Stored items:
:::::
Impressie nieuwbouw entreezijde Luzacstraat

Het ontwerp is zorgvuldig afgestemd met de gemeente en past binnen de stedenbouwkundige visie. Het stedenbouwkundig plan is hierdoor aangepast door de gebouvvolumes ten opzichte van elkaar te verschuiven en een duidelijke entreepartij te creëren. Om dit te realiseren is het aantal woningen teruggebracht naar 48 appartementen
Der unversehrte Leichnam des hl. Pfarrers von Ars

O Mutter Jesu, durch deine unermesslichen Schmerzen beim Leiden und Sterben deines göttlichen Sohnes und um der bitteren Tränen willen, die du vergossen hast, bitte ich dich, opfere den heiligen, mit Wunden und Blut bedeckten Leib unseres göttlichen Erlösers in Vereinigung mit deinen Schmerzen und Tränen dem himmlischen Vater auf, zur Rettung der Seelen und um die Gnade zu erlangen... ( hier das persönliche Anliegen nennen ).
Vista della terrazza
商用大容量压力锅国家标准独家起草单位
:::::
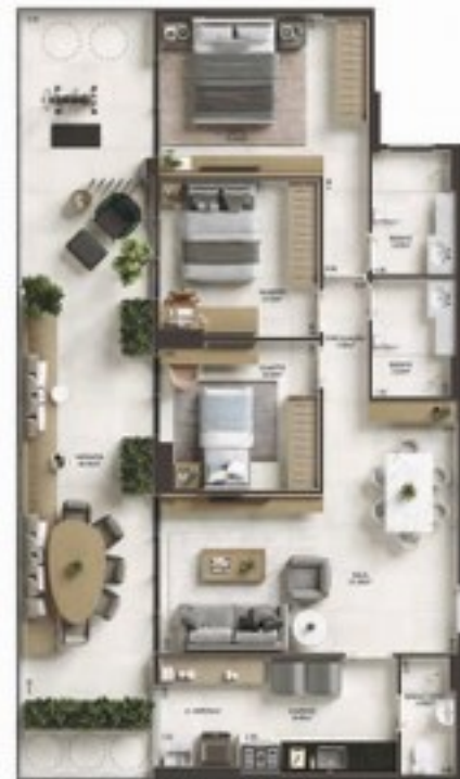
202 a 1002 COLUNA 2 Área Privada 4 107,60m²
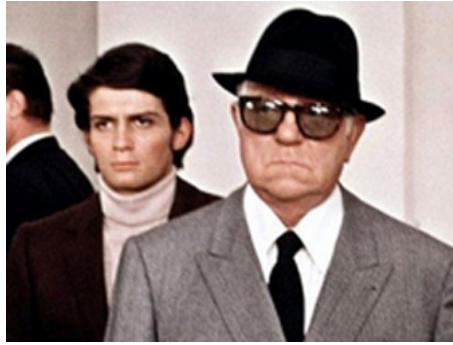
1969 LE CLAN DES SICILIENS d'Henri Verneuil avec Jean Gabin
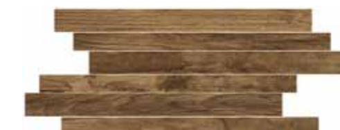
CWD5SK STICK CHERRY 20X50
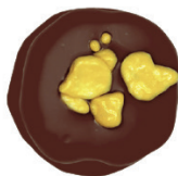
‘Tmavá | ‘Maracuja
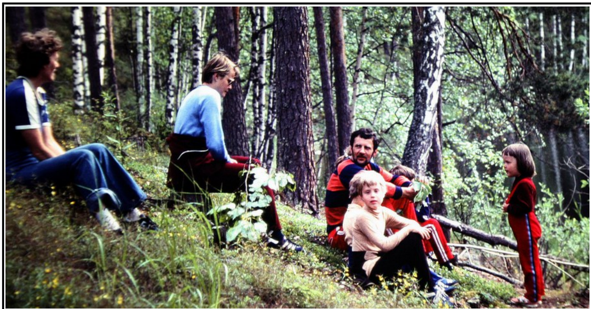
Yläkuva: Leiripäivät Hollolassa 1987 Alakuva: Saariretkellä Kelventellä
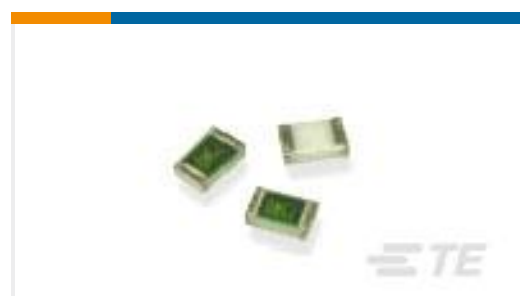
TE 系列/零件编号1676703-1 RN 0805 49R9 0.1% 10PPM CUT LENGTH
:::::
* **REQUIREMENT**
The line above containing "Der unversehrte Leichnam", the line containing "商用大容量压力锅国家标准独家起草单位", and every line between them are to be transcribed exactly; no other line is wanted.

* **WRITTEN RESPONSE**
Der unversehrte Leichnam des hl. Pfarrers von Ars

O Mutter Jesu, durch deine unermesslichen Schmerzen beim Leiden und Sterben deines göttlichen Sohnes und um der bitteren Tränen willen, die du vergossen hast, bitte ich dich, opfere den heiligen, mit Wunden und Blut bedeckten Leib unseres göttlichen Erlösers in Vereinigung mit deinen Schmerzen und Tränen dem himmlischen Vater auf, zur Rettung der Seelen und um die Gnade zu erlangen... ( hier das persönliche Anliegen nennen ).
Vista della terrazza
商用大容量压力锅国家标准独家起草单位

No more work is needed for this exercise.